I started studying music from an early age, and getting into Berklee was always one of my biggest goals since I found out about its existence. In my adolescence I started preparing to audition, and I always tried to have a close relationship with the school. At 16, I had the opportunity to participate with a scholarship in the Aspire: Five-Week Music Performance Intensive program. From that moment on, I fell in love with Berklee, and I was even more motivated to follow my dream. When I graduated from high school I won a scholarship to study at the Berklee Global Partner in Ecuador USFQ. After two and a half years, I finally fulfilled my dream of transferring to Berklee College of Music, thanks to [a scholarship from] the Latin Grammy Cultural Foundation.

What's been your favorite class so far, and what has it taught you?

My favorite class so far has been Big Band Arranging and Score Analysis with Winnie Dahlgreen. I learned to listen to any big band arrangement and have a mental idea of what is going on regarding voicings, orchestration, composition techniques, and structure. It is the class that made me lose my fear of seeing a score with more than 10 instruments and not losing my mind. I felt like I was delving into the secrets of the greatest jazz arrangers, and, most importantly, I wrote arrangements that I am very proud of.

Play, write, create, and don't let anyone take away the light you carry within.

— Simón Martínez

What's a project you've worked on since coming to Berklee that you've been especially excited about?

I'm constantly working on the artist I want to be. In every small or big experience related to music, especially studying at Berklee, I try to learn anything that helps me figure out what kind of artist I want to be in the future. How does this influence my artistry? Is this what I want to do professionally? How does it make me grow as a musician and person? I've always had the uncertainty of what exactly I'm going to do after graduating. I'm a performer, composer, arranger, and singer-songwriter, and I'm looking to understand how my talents will help me fit into the music industry. That is my biggest project at [Berklee], and fortunately it's going well.
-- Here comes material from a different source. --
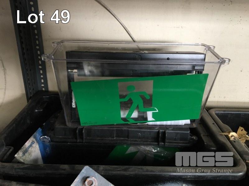 STEEL BRACKETS & EXIT SIGNS, ILLUMINATED, 6 x TUBS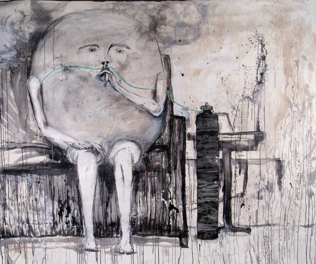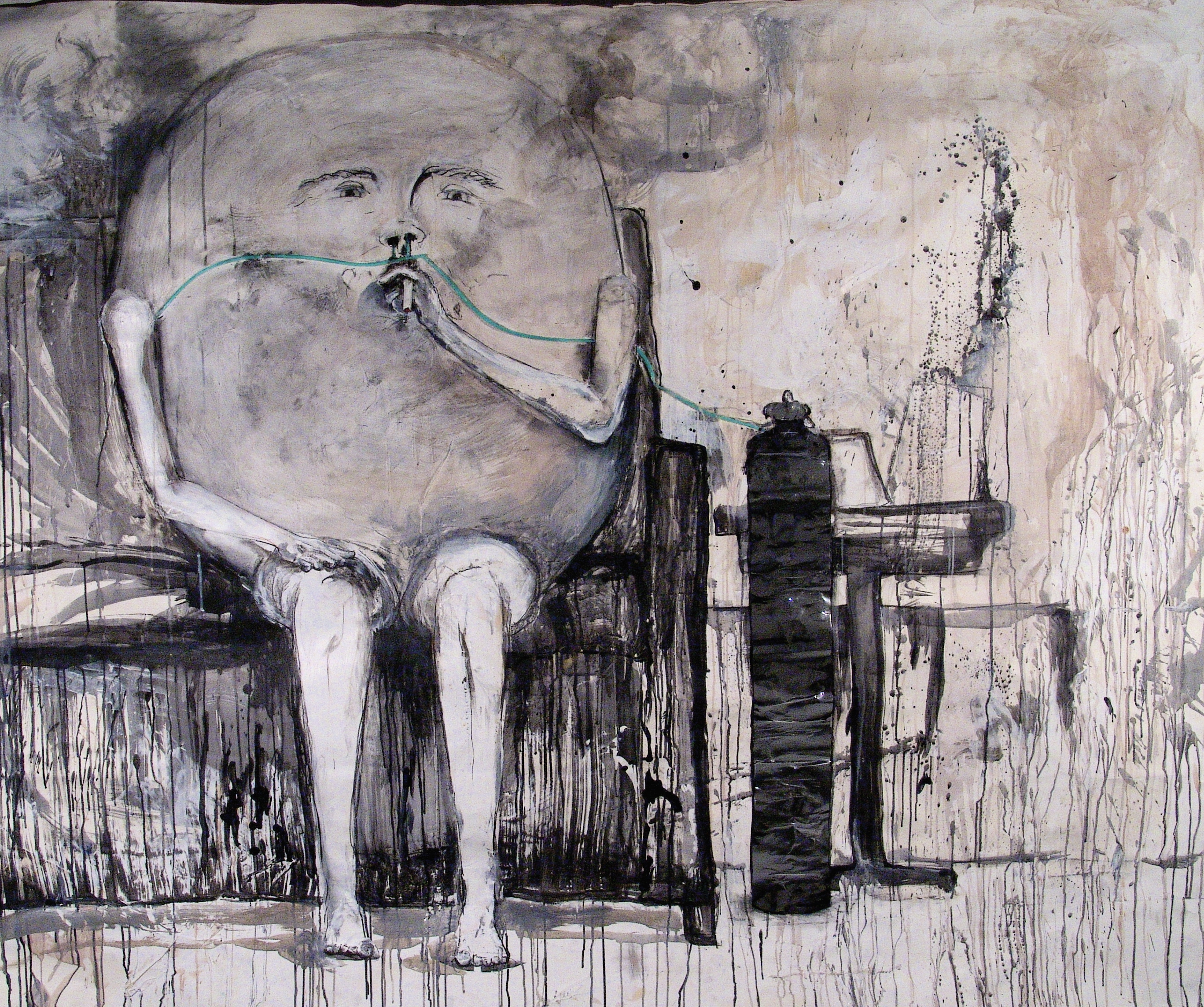 Tubing, Metallic Paper, Ink, Charcoal Acrylic on Paper

How do you typically recharge or find new ideas outside of class?

Typically, the environments that inspire me are cozy, where I can be alone. My room is always the first option, but sitting in front of a piano in a practice room doesn't fail either. When nothing is working, I need to walk. I love going to the park near my house, Fenway Victory Gardens, or to the docks near the Charles River. Looking and listening to water helps me to create good vibes, however insignificant it may seem. After a good walk, I come home full of ideas.

Watch a video interview with Simón:

When you think towards your own future, who inspires you most?

I'm greatly inspired by the people around me in this school: teachers, students, and alumni. Getting to know their stories and how they got to where they are fills me with energy. I used to be a very competitive person. When I first came to the Five-Week program, I compared myself a lot with the rest of the pianists. I didn't feel worthy because I wasn't at the same level as them. From that experience, I learned that I shouldn't see others as competition, but as inspiration. When I arrived at Berklee, I surrounded myself with all the people I admire musically; that way, I learn from them and grow as a musician and a person.

What's one piece of advice you'd give to your high school self?

Keep doing what you are doing! You're on the right track and every step counts towards achieving your dreams. Believe in yourself because you can do whatever you set your mind to. Learn from each mistake and don't punish yourself for them; you're human and you are still growing. Play, write, create, and don't let anyone take away the light you carry within.

Simón’s Top Five Favorite Songs Right Now

We asked Simón to share five of his recent favorite songs. Here's what he said:

1. "Soñando con Quito," Alex Alvear

This song takes me back to my home city, Quito. It is one of the most beautiful pasillos I have ever heard.

2. "Isn’t It Romantic?” Bill Evans

Bill always gives me chills. This guy is the reason I started playing jazz piano.

3. "Una Tarde Cualquiera En Paris (to Bebo Valdes)," Harold López-Nussa

This is the song I transcribed and played for the Latin Grammy Cultural Foundation scholarship. I will always have it in my heart.

4. “Sabrás," Herencia de Timbiquí

"And even though I'm going deaf, and even though I'm going blind, and even though I'm going dumb, I'll let you know that I love you.”

5. "Soledad y el Mar,” Natalia Lafourcade (ft. Los Macorinos)

Natalia is on another level. I could close my eyes and listen to her voice and her lyrics for hours.